5.5 Warehouses of raw materials, semi-finished products and finished products located in production buildings, as well as loading platforms (ramps) should be designed taking into account the requirements of SNiP 31-04.

5.6 In multi-storey buildings with a height of more than 15 m from the planning level of the ground to the level of the finished floor of the upper floor (excluding the technical one) and the presence of permanent jobs or equipment at the mark of more than 15 m, which must be serviced more than three times per shift, passenger elevators should be provided. Freight lifts should be provided in accordance with the technological part of the project.

The number and capacity of elevators should be taken depending on the passenger and freight traffic. With the number of employees (in the most numerous shift) no more than 30 on all floors located above 15 m, one elevator should be provided in the building.

If there are rooms on the second floor and above intended for the work of disabled people using wheelchairs, a passenger elevator should be provided in the building, if it is impossible to organize workplaces for disabled people on the first floor. The elevator car must have dimensions of at least: width - 1.1 m, depth - 2.1 m, width of the doorway - 0.85 m.

5.7 Exits from the basements should be provided outside the area of \u200b\u200boperation of material handling equipment.

5.8 The width of the vestibules and vestibules should be taken more than the width of the openings by at least 0.5 m (0.25 m on each side of the opening), and the depth - more than the width of the door or gate leaf by at least 0.2 m, but not less than 1.2 m.If there are disabled people among the working people who use wheelchairs, the depth of vestibules and vestibules should be taken at least 1.8 m.

When premises of various categories are located on the same floor, the distance along the corridor from the door of the most distant room to the exit to the outside or to the nearest staircase is determined by the more dangerous category.

The density of the human flow in the corridor is defined as the ratio of the number of people evacuating from the premises to the corridor to the area of \u200b\u200bthis corridor, while with doors opening from the premises to the common corridors, the width of the common corridor should be taken as reduced:

half the width of the door leaf - with one-sided doors;

to the width of the door leaf - with two-sided doors.

6.10 The width of the evacuation exit (door) from the premises should be taken depending on the total number of people evacuating through this exit, and the number of people per 1 m of the width of the exit (door), set in, but not less than 0.9 m if there are disabled workers with disorders of the musculoskeletal system.

The number of people per 1 m of the exit width at intermediate values \u200b\u200bof the volume of the premises is determined by interpolation.
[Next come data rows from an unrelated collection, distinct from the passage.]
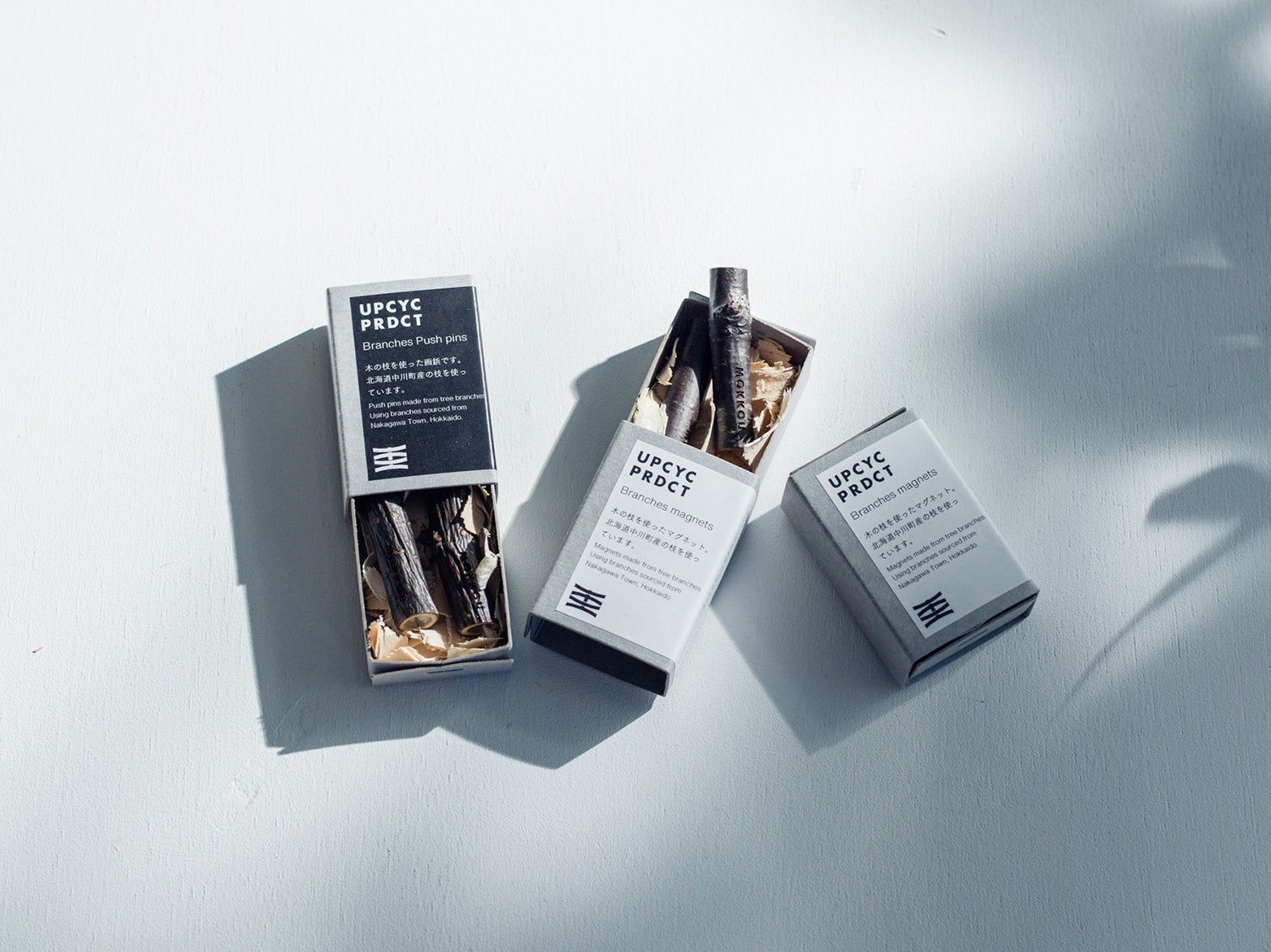 北海道中川町産の木の枝を使ったマグネットとプッシュピンです。パッケージの箱も、印刷所で捨てられていた紙を利用して作られています。さまざまな樹種の枝をご用意しています。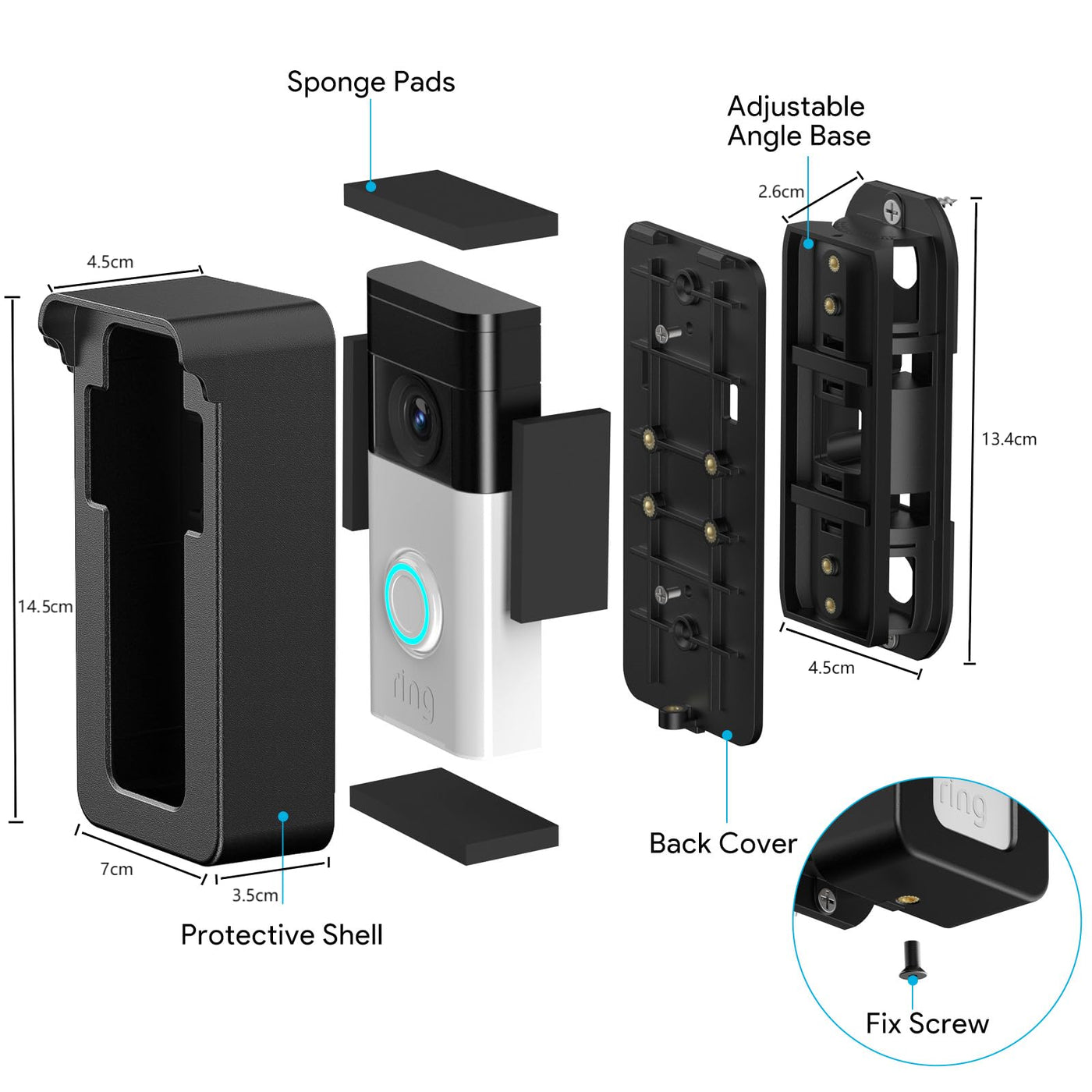 Anti Theft Video Doorbell Angle Mount, 45 To 135 Degree Adjustable Ring Camera Holder Doorbell Door Mount For Apartment, Compati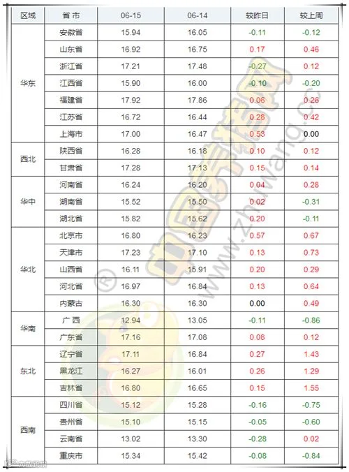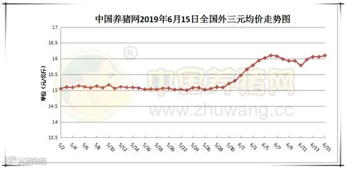 2019年6月15日,据中国养猪网猪价系统监测全国外三元均价为16.10元/公斤,价格较昨日上涨0.04,较上周上涨0.11元/公斤。今日猪价涨幅维持在0.02-0.57元/公斤,跌幅维持在0.05-0.28元/公斤。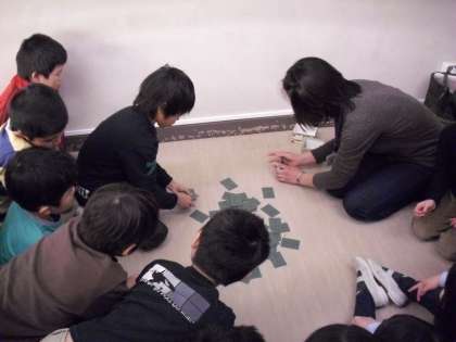 ミニ競技百人一首・・・礼に始めり・・・百人一首の札を並べ・・・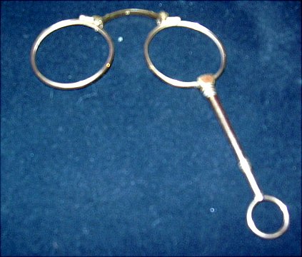Et par unikke lup-briller anno 19-20. årh. Fungerer både som lup & læsebriller. Mekanik udløser fra lup til brille. Fungerer perfekt.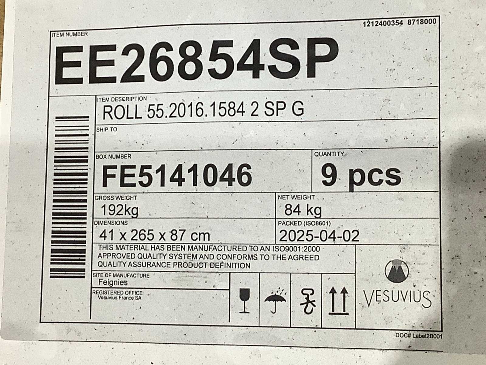 Dit kavel bevat 9 rollen, een fused silica roller (gesmolten silica-rol) is een hoogwaardige keramische rol gemaakt van vrijwel zuiver siliciumdioxide die wordt gebruikt in industriële ovens, met name in glasverwerkingsprocessen. Deze rollen staan bekend om hun vermogen om extreme temperaturen en thermische schokken te weerstaan zonder te vervormen; Toepassingen: Ze worden voornamelijk gebruikt als transportrollen in glasfabrieken (glasoven-tempering) en bij de productie van zonne-energiecellen (solar thin film processing)afmeting 41x265x87 cm Merk: Vesuvius Type: EE 26854 Bouwjaar: 2025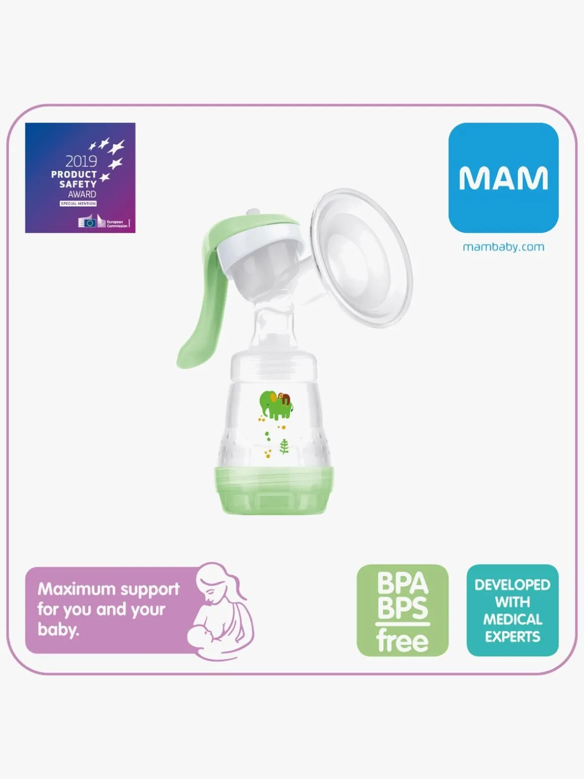 Pumpen passer til sutteflaskerne Easy Start og opbevaringsbeholderen fra MAM (skal købes separat). Du kan pumpe direkte i sutteflasken eller beholderen, så mælken kan opbevares i køleskabet eller fryseren.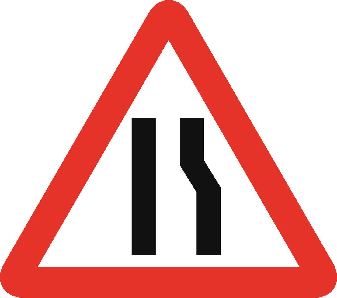 Triangular traffic signal in white and red, isolated on white background. Warning of narrow road ahead on right side Pro Vector
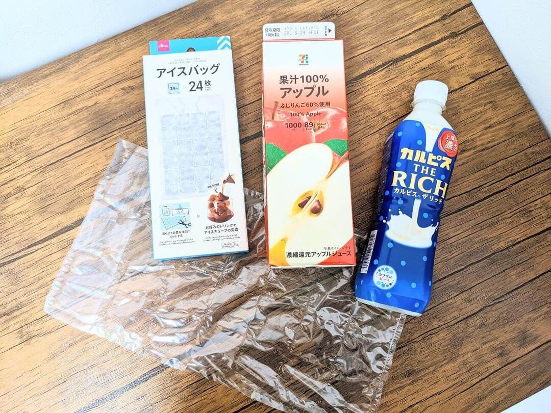 準備するものは、アイスバッグと凍らせたい飲み物など。今回は、娘がこよなく愛するリンゴジュースと、私の好きな「カルピス・ザ・リッチ」を凍らせてみました☆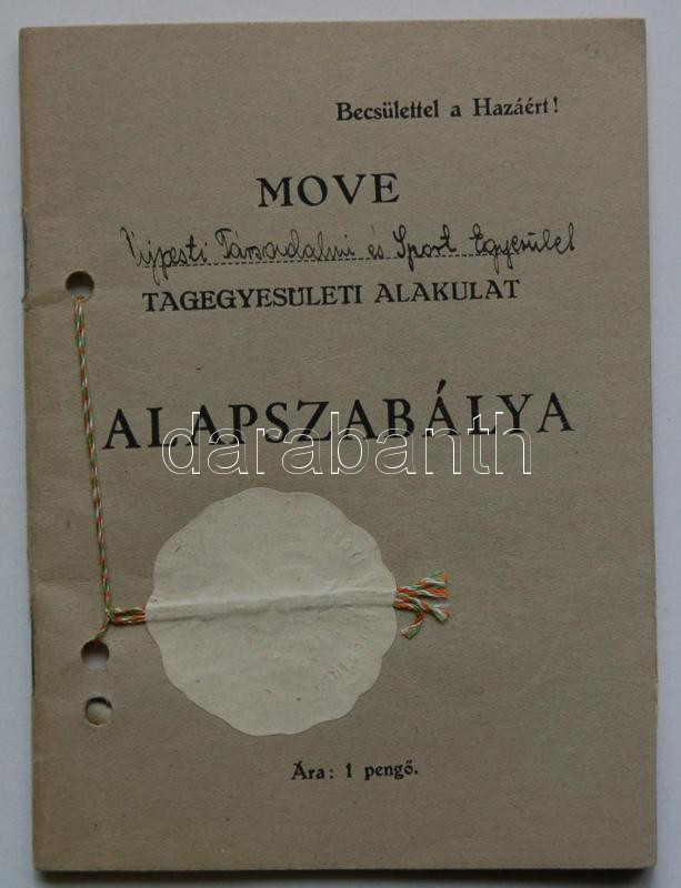 1943 Újpesti MOVE (Magyar Országos Véderő Egylet) Tagegyesületi Alakul... https://www.darabanth.com/de/158-Fernauktion/158.0/Andere-Sammelgebiete/Dokument~169/1943-Ujpesti-MOVE-Magyar-Orszagos-Vedero-Egylet-Tagegyesuleti-Alakulat-alapszabalya~II498969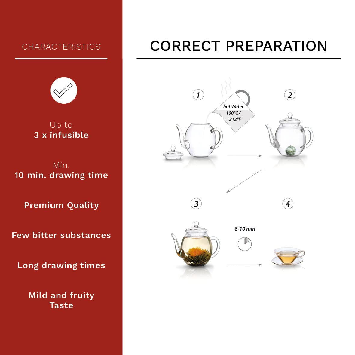 Q: How many times can I infuse each Blooming Tea Flower?A: Each Blooming Tea Flower can be infused up to 3 times, yielding approximately 50oz (1.5 liters) of tea, making it a great choice for tea connoisseurs.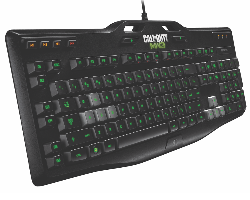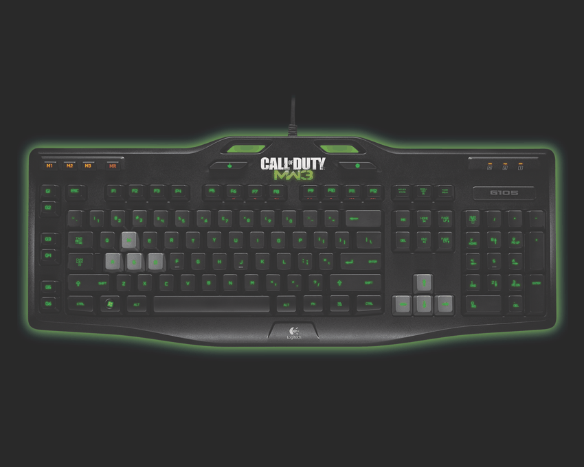 Gaming Keyboard G105: Call of Duty El teclado oficial de Call of Duty®: Modern Warfare® 3, con retroiluminación de diodos verde de larga duración para visión nocturna y teclas G totalmente programables.Retroiluminación de diodos verde de larga duración para visión nocturna Facilita el uso de las teclas, incluso en la oscuridad. La retroiluminación de diodos verde para visión nocturna, de estilo militar, tiene dos niveles de intensidad a elegir y también se puede desactivarSeis teclas G programables* Con tres macros por tecla, podrá configurar hasta 18 funciones exclusivas por juego, incluidas acciones de una sola pulsación, macros complejas o secuencias de comandos LUA. También podrá crear macros sobre la marcha.Uso simultáneo de teclas Podrá usar hasta cinco teclas simultáneamente para realizar varias acciones, y más complejas.Acceso multimedia al instante Prácticos controles de una sola pulsación para facilitar el ajuste de volumen y la reproducción de material multimedia.Modo de juego/escritorio Evite interrupciones de juego desactivando las teclas de Windows/menú contextual.Diseñado para jugar Juego a tope. Las teclas de respuesta inmediata y resistentes soportan las condiciones de juego más arduas. Con los elevados estándares de calidad y las rigurosas pruebas de Logitech, el teclado G105 está hecho para durar. * La programación de teclas G requiere Software Logitech® para juegos, disponible en logitech.com/downloads.

The number of people per 1 m of the width of the evacuation exit (door) from rooms with a height of more than 6 m increases: with a height of 12 m - by 20%, 18 m - by 30%, 24 m - by 40%; at intermediate values \u200b\u200bof room heights, an increase in the number of people per 1 m of the exit width is determined by interpolation.

Table 2

6.15 Opening skylights, taken into account in the calculation of smoke exhaust, must be evenly spaced over the coverage area.

7. PREVENTION OF SPREADING OF FIRE.

If there are platforms, whatnots and mezzanines, the area of \u200b\u200bwhich at any elevation exceeds 40% of the floor area of \u200b\u200bthe room, the floor area is determined as for a multi-storey building with the number of floors determined by.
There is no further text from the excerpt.